Example 12 is the method of any of Examples 1-10, wherein: the first carrier is an intra-frequency carrier and the first cell is an intra-frequency cell, and; the second carrier is an inter-frequency carrier and the second cell is the inter-frequency cell.
Example 13 is a method performed by a user equipment (UE) , comprising: determining that a synchronization signal/physical broadcast channel block measurement time configuration (SMTC) 2 low power (SMTC2-LP) configuration for a carrier being of a target cell is known to the UE and that a physical cell identity (PCI) of the target cell is found in data of the SMTC2-LP configuration for the carrier; and in response to determining that the SMTC2-LP configuration for the carrier is known to the UE and that the PCI of the target cell is found in the data of the SMTC2-LP configuration for the carrier: determining a maximum paging interruption time according to the formula T
SI-NR + 2 *T
target_cell_SMTC_period, where: T
SI-NR is a time period for receiving relevant system information data according to a paging reception procedure and an RRC procedure delay of system information blocks for an NR cell; and T
target_cell_SMTC_period is a periodicity found in the data of the SMTC2-LP configuration for the carrier; and performing a cell reselection between a current serving cell and the target cell such that a period between receiving paging at the current serving cell and receiving paging at the target cell is less than or equal to the maximum paging interruption time.
Example 14 is the method of Example 13, wherein the carrier is an inter-frequency carrier and the target cell is an inter-frequency cell.
Example 15 is the method of Example 13, wherein the carrier is an intra-frequency carrier and the target cell is an intra-frequency cell.
Example 16 is a method performed by a user equipment (UE) , comprising: detecting, at the UE, a first carrier of a first target cell and a second carrier of a second target cell; determining that a synchronization signal/physical broadcast channel block measurement time configuration (SMTC) 2 low power (SMTC2-LP) configuration for the first carrier is known to the UE; and determining a periodicity of SMTC occasions of the first carrier based on a configuration for the first carrier other than the SMTC2-LP configuration for the first carrier.
Example 17 is the method of Example 16, further comprising: determining that an SMTC2-LP configuration for the second carrier is known to the UE; and determining a periodicity of SMTC occasions of the second carrier based on a configuration for the second carrier other than the SMTC2-LP configuration for the second carrier.

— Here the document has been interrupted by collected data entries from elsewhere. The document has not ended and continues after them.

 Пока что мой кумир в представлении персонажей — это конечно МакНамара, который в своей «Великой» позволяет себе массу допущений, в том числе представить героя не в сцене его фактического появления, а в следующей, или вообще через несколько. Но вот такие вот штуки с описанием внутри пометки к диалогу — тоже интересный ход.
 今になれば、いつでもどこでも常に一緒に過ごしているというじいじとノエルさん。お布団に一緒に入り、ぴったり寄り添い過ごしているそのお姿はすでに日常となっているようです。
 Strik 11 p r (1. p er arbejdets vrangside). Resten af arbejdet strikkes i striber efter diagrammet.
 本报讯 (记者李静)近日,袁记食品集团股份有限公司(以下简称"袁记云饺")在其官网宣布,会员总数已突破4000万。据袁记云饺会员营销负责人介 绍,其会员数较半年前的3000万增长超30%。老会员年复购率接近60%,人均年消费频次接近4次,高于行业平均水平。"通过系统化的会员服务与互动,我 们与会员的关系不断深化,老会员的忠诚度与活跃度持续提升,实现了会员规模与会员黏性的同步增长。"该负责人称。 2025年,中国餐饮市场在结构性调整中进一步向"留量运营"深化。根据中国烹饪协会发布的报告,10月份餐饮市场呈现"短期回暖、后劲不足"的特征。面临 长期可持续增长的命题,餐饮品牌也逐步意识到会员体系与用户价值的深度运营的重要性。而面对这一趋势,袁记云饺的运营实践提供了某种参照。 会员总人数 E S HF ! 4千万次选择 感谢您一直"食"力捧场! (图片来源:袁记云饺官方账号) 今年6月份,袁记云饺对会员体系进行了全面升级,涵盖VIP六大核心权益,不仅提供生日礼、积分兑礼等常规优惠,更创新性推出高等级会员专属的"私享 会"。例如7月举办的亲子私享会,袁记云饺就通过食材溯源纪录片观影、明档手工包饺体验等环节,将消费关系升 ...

Example 18 may include an apparatus comprising means to perform one or more elements of a method described in or related to any of the above Examples, or any other method or process described herein.
Example 19 may include one or more non-transitory computer-readable media comprising instructions to cause an electronic device, upon execution of the instructions by one or more processors of the electronic device, to perform one or more elements of a method described in or related to any of the above Examples, or any other method or process described herein.

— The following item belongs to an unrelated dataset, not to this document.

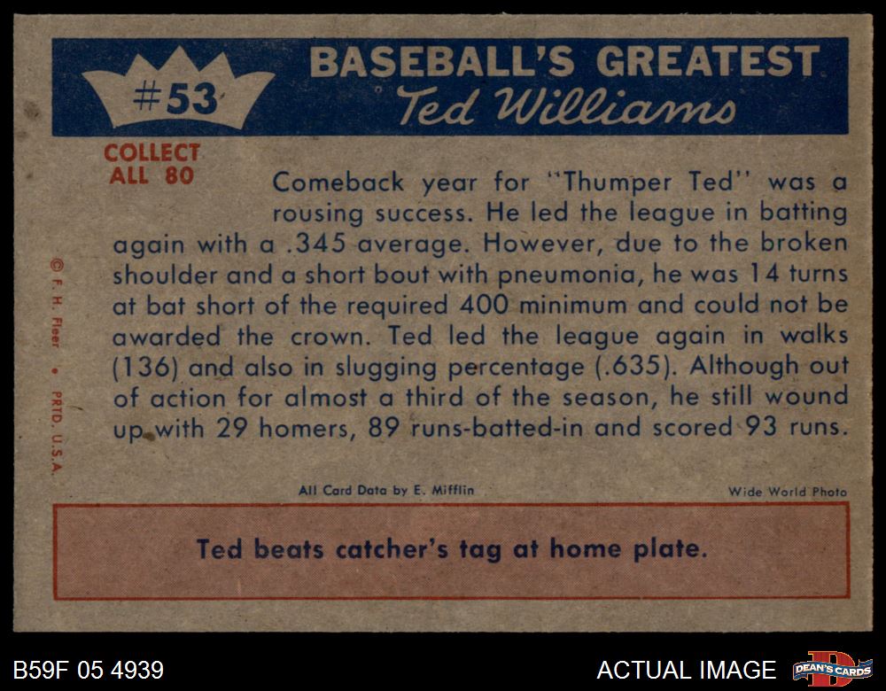 1959 Fleer #53 - Ted Williams Comeback Success 5 - EX

Example 20 may include an apparatus comprising logic, modules, or circuitry to perform one or more elements of a method described in or related to any of the above Examples, or any other method or process described herein.
Example 21 may include a method, technique, or process as described in or related to any of the above Examples, or portions or parts thereof.

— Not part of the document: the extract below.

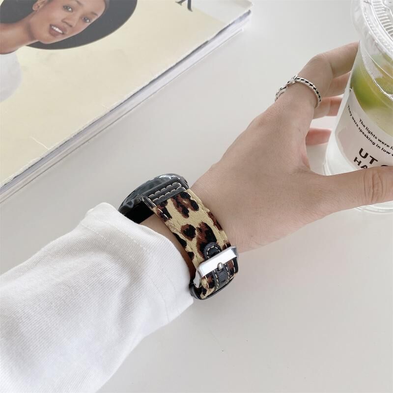 22mm Denim Leather Watch Band(Black Brown Grid)

Example 22 may include an apparatus comprising: one or more processors and one or more computer-readable media comprising instructions that, when executed by the one or more processors, cause the one or more processors to perform the method, techniques, or process as described in or related to any of the above Examples, or portions thereof.
Example 23 may include a signal as described in or related to any of the above Examples, or portions or parts thereof.
Example 24 may include a datagram, packet, frame, segment, protocol data unit (PDU) , or message as described in or related to any of the above Examples, or portions or parts thereof, or otherwise described in the present disclosure.
Example 25 may include a signal encoded with data as described in or related to any of the above Examples, or portions or parts thereof, or otherwise described in the present disclosure.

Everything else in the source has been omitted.